In fig. 2 the circulation was greatly advanced[323]. The blastoderm has now nearly completely enveloped the yolk, and there remains only a small circular space (yk) not enclosed by it. The arterial trunk is present as before, and divides in front of the embryo into two branches which turn backwards and nearly form a complete ring round the embryo. In general appearance it resembles the sinus terminalis of the area vasculosa of the Bird, but in reality bears quite a different relation to the circulation. It gives off branches only on its inner side.
A venous system of returning vessels is now fully developed, and its relations are very remarkable. There is a main venous ring round the thickened edge of the blastoderm, which is connected with the embryo by a single stem which runs along the seam where the edges of the blastoderm have coalesced.
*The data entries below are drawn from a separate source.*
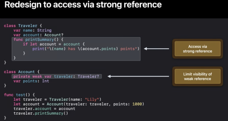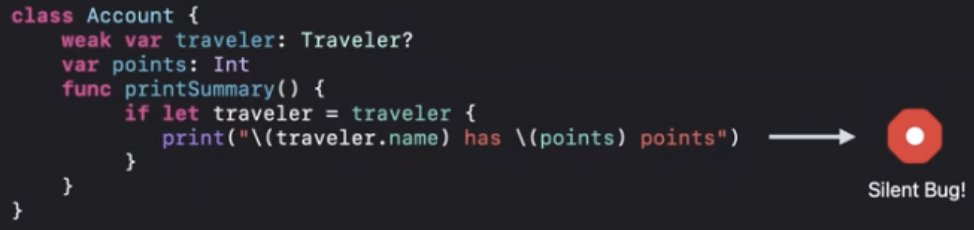 이제 강한참조를 통해 printSummary()를 호출하여 잠재적인 버그를 제거할 수밖에 없죠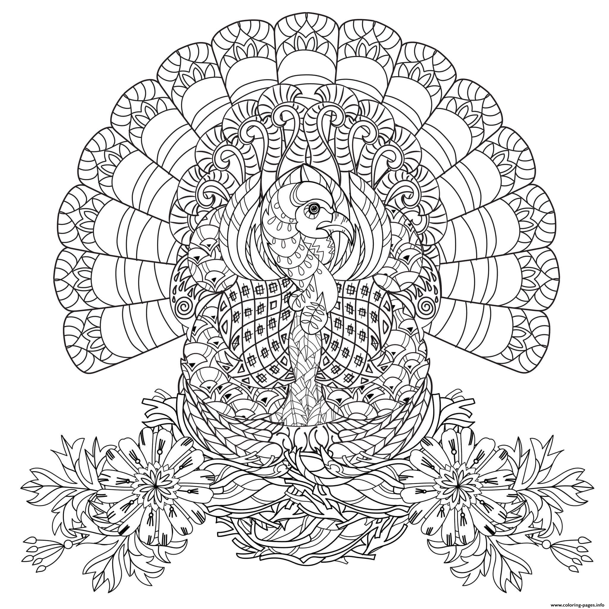 Turkey Zentangle Coloring Sheet Thanksgiving Adult Coloring Pages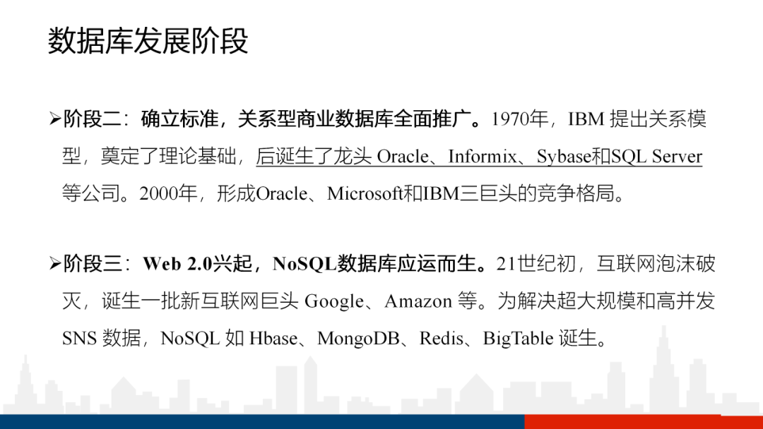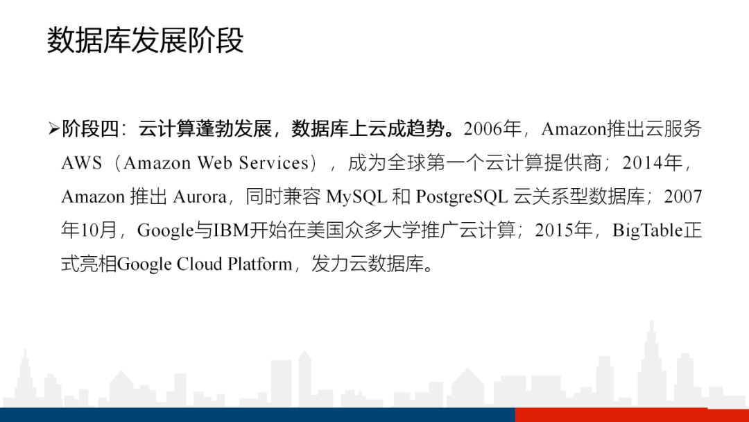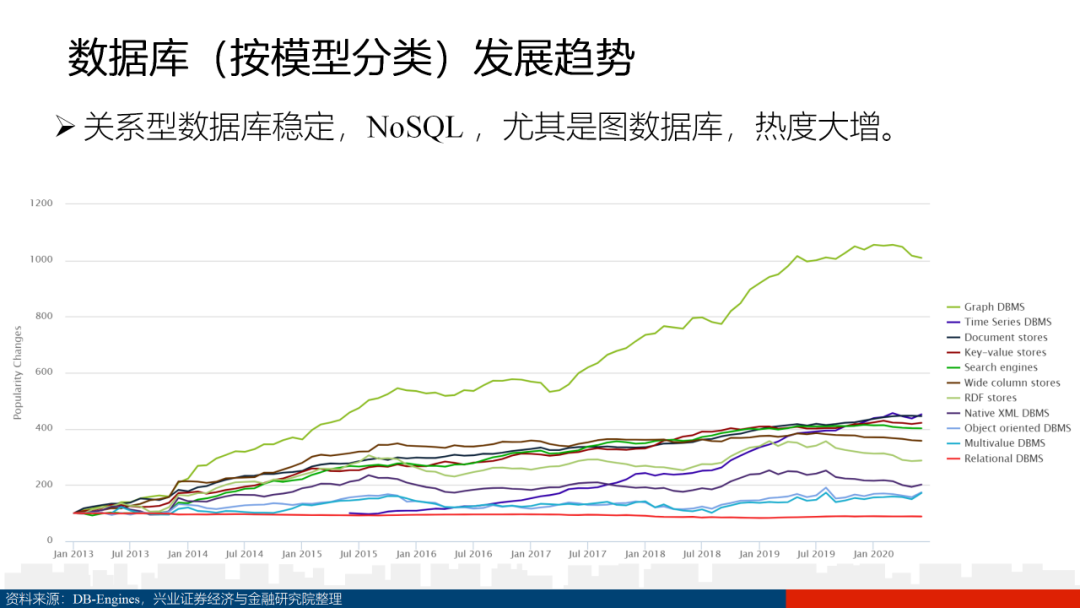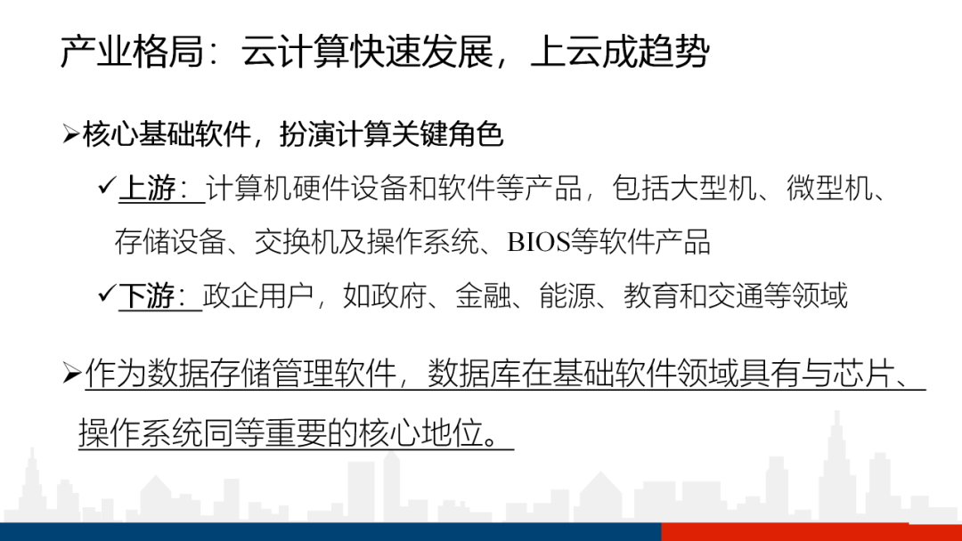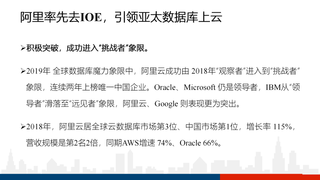 根据Gartner数据,2018年全球数据库市场总量为461亿美元,其中云数据库市场占据104亿美元。2017-2018年整体行业增速达18.4%,高于过去的年复合增长率,其中68%的增长来自于云数据库。Amazon和Microsoft贡献了整个市场75%增长,且几乎都来自于云化增长。越来越多用户正在将系统部署在云中,云带来了数据库产业的创新,云也为传统数据库厂商带来了新的盈利模式。

Since the venous trunks are only developed behind the embryo, it is only the posterior part of the arterial ring which gives off branches.
The succeeding stage, fig. 3, is also one of considerable interest. The arterial ring has greatly extended, and now embraces nearly half the yolk, and sends off trunks on its inner side along its whole circumference.
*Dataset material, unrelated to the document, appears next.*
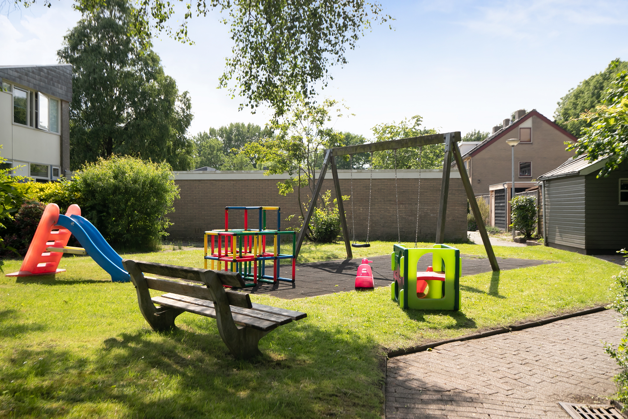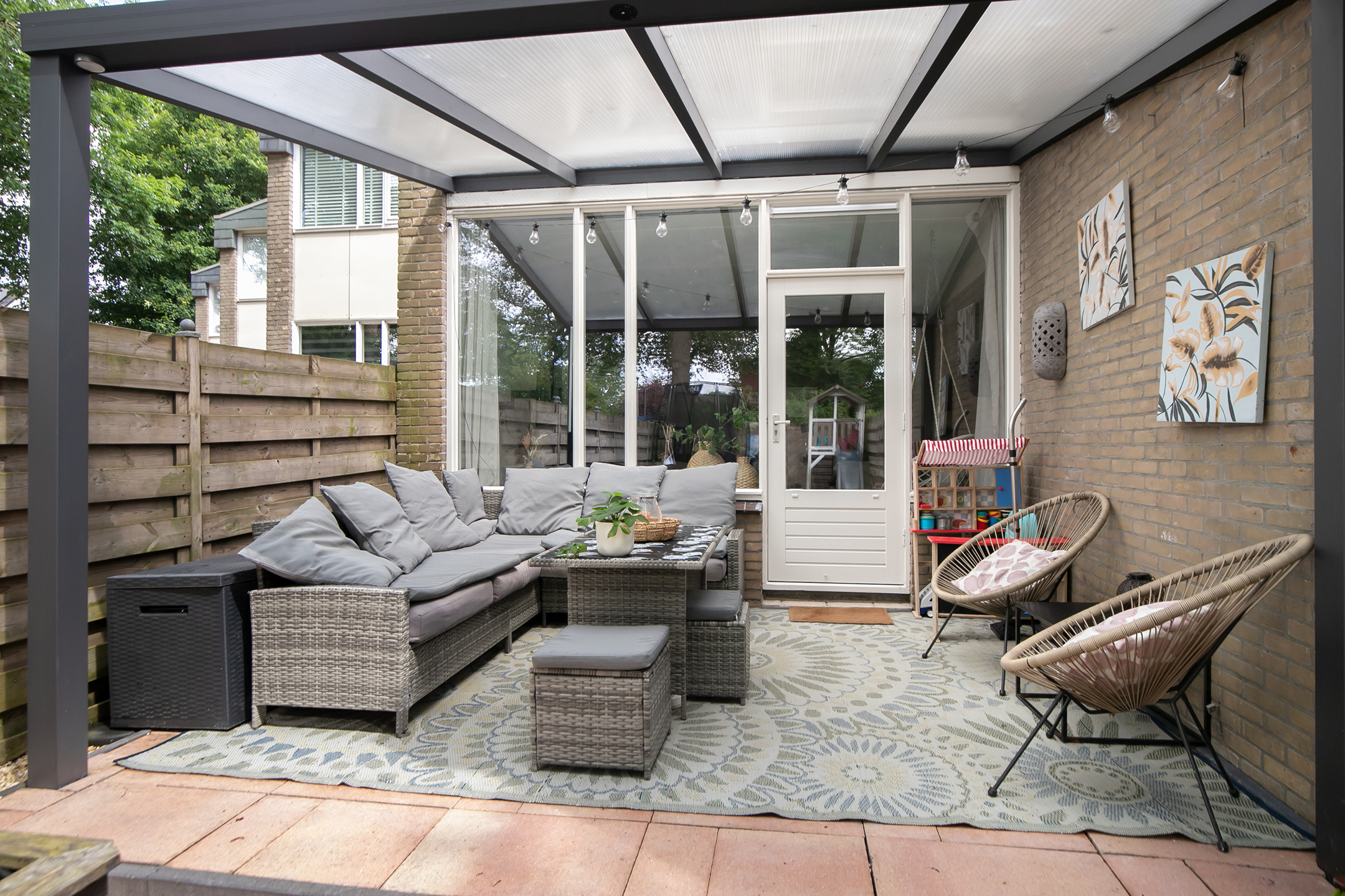 Buiten: onderhoudsarme tuin voorzien van een riante aangebouwde overkapping.

More important changes have taken place in the venous system. The blastoderm has now completely enveloped the yolk, and as a result of this, the venous ring no longer exists, but at the point where it vanished there may be observed a number of smaller veins diverging in a brush-like fashion from the termination of the unpaired trunk which originally connected the venous ring with the heart. This point is indicated in the figure by the letter y. The brush-like divergence of the veins is a still more marked feature in a blastoderm of a succeeding stage (fig. 4).
The circulation in the succeeding stage (fig. 4) (projected in my figure) only differs in details from that of the previous stage. The arterial ring has become much larger, and the portion of the yolk not embraced (x) by it is quite small. Instead of all the branches from the ring being of nearly equal size, two of them are especially developed. The venous system has undergone no important changes.
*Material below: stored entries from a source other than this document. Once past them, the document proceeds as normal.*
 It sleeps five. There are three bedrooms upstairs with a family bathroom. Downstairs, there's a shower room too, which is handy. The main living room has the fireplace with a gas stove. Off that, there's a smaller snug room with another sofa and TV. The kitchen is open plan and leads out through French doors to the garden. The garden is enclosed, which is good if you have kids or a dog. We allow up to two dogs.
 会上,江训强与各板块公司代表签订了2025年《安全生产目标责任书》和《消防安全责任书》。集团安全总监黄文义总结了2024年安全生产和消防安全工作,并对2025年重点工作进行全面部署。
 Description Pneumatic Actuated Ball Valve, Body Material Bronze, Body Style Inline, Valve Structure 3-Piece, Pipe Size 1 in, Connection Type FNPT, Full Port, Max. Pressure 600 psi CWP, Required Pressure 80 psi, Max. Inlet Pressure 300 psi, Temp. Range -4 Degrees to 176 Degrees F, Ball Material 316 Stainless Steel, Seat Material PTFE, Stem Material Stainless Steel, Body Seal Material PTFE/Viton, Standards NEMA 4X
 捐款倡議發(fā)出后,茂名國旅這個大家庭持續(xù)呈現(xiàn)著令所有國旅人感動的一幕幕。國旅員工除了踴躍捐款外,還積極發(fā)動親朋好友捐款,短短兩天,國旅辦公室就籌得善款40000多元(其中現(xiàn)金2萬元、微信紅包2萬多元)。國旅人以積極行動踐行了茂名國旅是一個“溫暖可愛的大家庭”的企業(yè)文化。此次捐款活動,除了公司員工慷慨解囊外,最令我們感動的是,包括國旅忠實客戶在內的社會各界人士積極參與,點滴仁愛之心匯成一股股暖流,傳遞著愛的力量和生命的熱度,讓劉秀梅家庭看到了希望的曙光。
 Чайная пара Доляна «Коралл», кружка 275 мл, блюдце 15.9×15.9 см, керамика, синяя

In fig. 5 the circulation is represented at a still later stage. The arterial ring has come to embrace the whole yolk, and as a result of this, has in its turn vanished as did the venous ring before it. At this stage of the circulation there is present a single arterial and a single venous trunk. The arterial trunk is a branch of the dorsal aorta, and the venous trunk originally falls into the heart together with the subintestinal or splanchnic vein, but on the formation of the liver enters this and breaks up into capillaries in it. The venous trunk leaves the body on the right side, and the arterial on the left.
The most interesting point to be noticed in connection with the yolk-sack circulation of Scyllium is the fact of its being formed on a completely different type to that of the Amniotic Vertebrates.
The Vascular Glands.
There are in Scyllium two structures which have gone under the name of the suprarenal body. The one of these is an unpaired rod-like body lying between the dorsal aorta and the caudal vein in the region of the posterior end of the kidneys. This body I propose to call the interrenal body. The other is formed by a series of paired bodies situated dorsal to the cardinal veins on branches of the aorta, and arranged segmentally. These bodies I shall call the suprarenal bodies. I propose treating the literature of these bodies together, since they have usually been dealt with in this way, and indeed regarded as parts of the same system. As I hope to shew in the sequel, the origin of these bodies is very different. The interrenal body appears to be developed from the mesoblast; while my researches on the suprarenal bodies confirm the brilliant investigations of Leydig, shewing that they are formed out of the sympathetic ganglia.
The most important investigations on these bodies have been made by Leydig[324]. In his first researches, Rochen u. Haie, pp. 71, 72, he gives an account of the position and histology of what is probably my interrenal body[325].